When Santa Clara County’s top election official tried to circumvent state law to qualify a labor-backed measure for the ballot, she seemed to be acting under political pressure.
At least that’s the impression San Jose City Clerk Toni Taber says she came away with after a series of phone calls from county Registrar of Voters (ROV) Shannon Bushey.
Taber describes the exchanges in new court documents as part of a lawsuit filed by the ROV against the city to try to revive the Fair Elections Initiative, which Bushey’s own office rejected for failing to gather enough signatures to qualify it for the fall ballot.
The proposal by the South Bay Labor Council aimed to shift mayoral elections to presidential years with higher labor-aligned voter turnout and prevent San Jose candidates from accepting donations from lobbyists, anyone who benefits from city contracts of $250,000 or more and for-profit developers.
Per election code, the ROV had to confirm whether 3 percent of the 94,202 signatures gathered were valid. If at least 95 percent of the random sample of 2,826 names made the cut, the measure would go to voters in November. But one count after another affirmed that only 93 percent were valid. Dead on arrival.
On March 11, Bushey officially disqualified the measure. In a highly unusual move, she then went on to sue her own agency and the city, claiming the ROV made 87 mistakes that would change the outcome if corrected.
Stranger still were the “three or four” calls Taber received from Bushey over the course of the random-sampling tally, which Fair Elections proponents had challenged.
“During the first of these calls, Ms. Bushey advised me that the ROV was projecting that the number of valid signatures would be approximately 93 percent and the ROV would be double-checking on them,” Taber described in a declaration filed in court today. “She indicated that verification of the sampling did not appear to be reaching the 95 percent threshold and asked me if the city wanted a full count.”
Taber says she declined the offer.
Not only would a full count cost the city something on the order of $1 million, it went above and beyond the legal requirement to verify just a random sample of signatures.
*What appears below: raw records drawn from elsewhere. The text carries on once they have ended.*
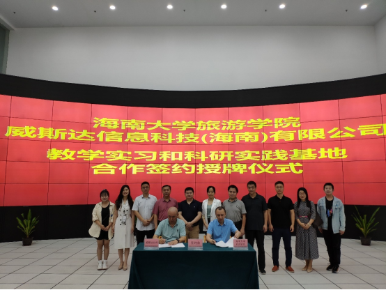 2021年4月1日上午,taptap点点体育旅游公司和威斯达信息科技(海南)有限公司(以下简称“威斯达”)建立教学实习和科研实践基地合作协议签约仪式在威斯达总部举行,郭强经理带队一行十余人参加了签约仪式。仪式后,双方还举行了“旅游电子行程单与旅游高质量发展研讨会”。
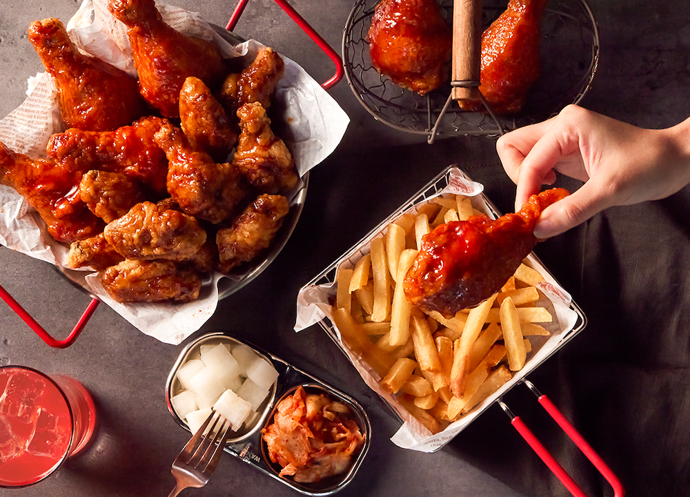 ▼「本村炸雞 Bonchon」以其獨特的雙重炸製工藝聞名。這種工藝使得雞肉外皮超級酥脆,而內裡卻保持多汁嫩滑。與傳統韓式炸雞的淋醬方式不同,Bonchon採用「手工刷醬」的技術,均勻地將獨家醬汁刷在炸雞上,保證每一口都能享受到酥脆的口感和濃郁的風味。
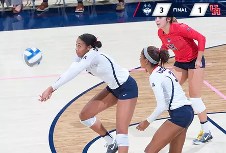 HOUSTON, Texas -- Redshirt freshman Kayla Williams dazzled with a double-double of 20 kills and 17 digs, as the UConn volleyball team got back in the win column on Sunday afternoon with a 3-1 victory over Houston at the Alumni Center.

The city clerk says she got a second call in “late February to early March” in which Bushey offered to be the one to request a full count.
“I stated that I did not authorize payment for a full verification, reiterated that the city requested a random sample and indicated that I wanted to follow the regular process,” Taber recounted.
On March 5, another call.
This time, Bushey allegedly asked something to the effect of: “Are you sure you do not want a full count? My boss is here.”
Taber says she again insisted that the city’s strapped for cash as it grapples with pandemic-related revenue shortfalls and that a random sample verification would suffice. The exchanges struck Taber as extraordinary.
“I cannot recall any other instance in which Ms. Bushey called me regarding the status of a count before the ROV had issued its certification,” the city clerk remarked in her declaration. “It was my impression that Ms. Bushey was under pressure from her superiors to conduct a review of all of the signatures.”
Officials from the ROV did not immediately respond to requests for comment about the lawsuit generally and about Bushey’s remark about her “boss” specifically.
But CEO of Silicon Valley Organization President Matt Mahood—head of the regional chamber of commerce known as SVO, which opposes the labor-backed measure—criticized Bushey earlier for acting on behalf of special interests.
“The latest court documents reveal what we’ve already known from the beginning,” she said. “The Registrar of Voters, Shannon Bushey, broke the law and attempted to pressure the City Clerk to authorize a full recount without a court order. It is already extraordinary enough that the ROV is suing the city of San Jose, on behalf of a special interest group. Now it is clear that Ms. Bushey was under pressure from her superiors and from special interest groups to revive a disqualified ballot measure.”
By relying on proponents to submit external evidence during the signature review, Mahood added, Bushey broke state election law by abdicating her responsibility to remain a neutral arbiter in the matter.
“Upon the advice of these very same interest groups, the ROV is now suddenly trying to reverse her original decision that disqualified the Fair Elections Initiative without any convincing evidence that a mistake was truly made in the first place,” Mahood said.
“She deserves to be fired for this.”
In its answer to the ROV lawsuit, the city makes similar allegations about Bushey abusing her position. “The action before this court presents an unusual situation,” City Attorney Richard Doyle and Deputy City Attorney Kathryn Zoglin declare in their opposition brief. “Typically, it is the proponents of a measure who file an action such as this one against the public entity that has purportedly failed to conduct an accurate count.”
The court is set to hold a hearing on the merits of the ROV’s petition on May 8.